On Fri, May 31, 2013 at 08:36:19AM +0800, Xiao Guangrong wrote:
> Hi Gleb, Paolo, Marcelo,
> 
> I have putted the potential controversial patches to the latter that are
> patch 8 ~ 10, patch 11 depends on patch 9. Other patches are fully reviewed,
> I think its are ready for being merged. If not luck enough, further discussion
> is needed, could you please apply that patches first? :)
> 
> Thank you in advance!
> 
> Some points are raised during discussion but missed in this version:
> 1) Gleb's idea that skip obsolete pages in the hast list walker
> 
>    Unfortunately, it is not safe. There has a window between updating
>    valid-gen and reloading mmu, in that window, the obsolete page can
>    be used by vcpu, but the guest page table fail to be write-protected
>    (since the obsolete page is skipped in mmu_need_write_protect()).
> 
Can you elaborate on how this can happen. valid_gen is updated under
mmu_lock and reloading of mmus happens under the same lock, so for all
other vcpus this should look like atomic thing.
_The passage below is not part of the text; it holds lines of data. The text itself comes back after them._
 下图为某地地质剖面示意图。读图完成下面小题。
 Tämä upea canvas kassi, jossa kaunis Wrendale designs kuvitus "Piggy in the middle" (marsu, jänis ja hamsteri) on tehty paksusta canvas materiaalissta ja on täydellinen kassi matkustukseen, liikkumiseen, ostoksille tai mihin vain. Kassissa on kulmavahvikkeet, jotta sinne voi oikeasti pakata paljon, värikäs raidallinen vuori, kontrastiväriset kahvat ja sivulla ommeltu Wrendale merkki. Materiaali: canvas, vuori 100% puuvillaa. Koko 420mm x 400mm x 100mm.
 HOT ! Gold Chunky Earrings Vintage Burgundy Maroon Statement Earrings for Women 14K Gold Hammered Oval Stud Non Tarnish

>    Instead, we can only skip the zapped-obsolete page
>    (is_obsolete_sp(sp) && sp->role.invalid)), the current code has already
>    skip them but put the comment around the hash list walker to warn the
>    further development.
> 
> 2) Marcelo's comment that obsolete pages can cause the number of shadow page
>    greater than the n_max_mmu_pages
> 
>    I am not sure this is really a problem, it only exists in the really tiny
>    window and the page-reclaim path are able to handle the obsolete pages.
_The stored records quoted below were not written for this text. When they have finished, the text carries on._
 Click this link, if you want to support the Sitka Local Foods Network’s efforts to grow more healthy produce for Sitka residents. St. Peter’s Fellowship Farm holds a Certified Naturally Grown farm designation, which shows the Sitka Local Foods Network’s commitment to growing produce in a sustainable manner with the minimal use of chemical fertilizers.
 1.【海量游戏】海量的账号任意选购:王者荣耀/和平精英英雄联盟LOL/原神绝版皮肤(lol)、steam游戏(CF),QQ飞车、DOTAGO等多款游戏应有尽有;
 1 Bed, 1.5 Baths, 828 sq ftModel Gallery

>    Furthermore, we can properly reduce n_max_mmu_pages to make that window
>    more tiny.
> 
>    Anyway, like commit 5d21881432 shows that "the mmu counters are for
>    beancounting purposes only", maybe that window is allowed.
> 
> Changlog:
> V8:
>   1): add some comments to explain FIFO around active_mmu_list address
>       Marcelo's comments.
> 
>   2): the page-reclaim path may fail to free zapped-obsolete pages pointed
>       out by Marcelo, the patchset fixes it by listing all zapped obsolete
>       pages on a global list, always free page from that list first.
> 
>   3): address Marcelo's suggestion to move the "zap pages in batch" patch
>       to the latter.
> 
>   4): drop the previous patch which introduced
>       kvm_mmu_prepare_zap_obsolete_page(), instead, we put the comments
>       around hash list walker to warn the user that the zapped-obsolete
>       page still live on hash list.
> 
>   5): add the note into the changelog of "zap pages in batch" patch to explain
>       the batch number is the speculative value based on Takuya's comments.
> 
> V7:
>   1): separate some optimization into two patches which do not reuse
>       the obsolete pages and collapse tlb flushes, suggested by Marcelo.
> 
>   2): make the patch based on Gleb's diff change which reduce
>       KVM_REQ_MMU_RELOAD when root page is being zapped.
> 
>   3): remove calling kvm_mmu_zap_page when patching hypercall, investigated
>       by Gleb.
> 
>   4): drop the patch which deleted page from hash list at the "prepare"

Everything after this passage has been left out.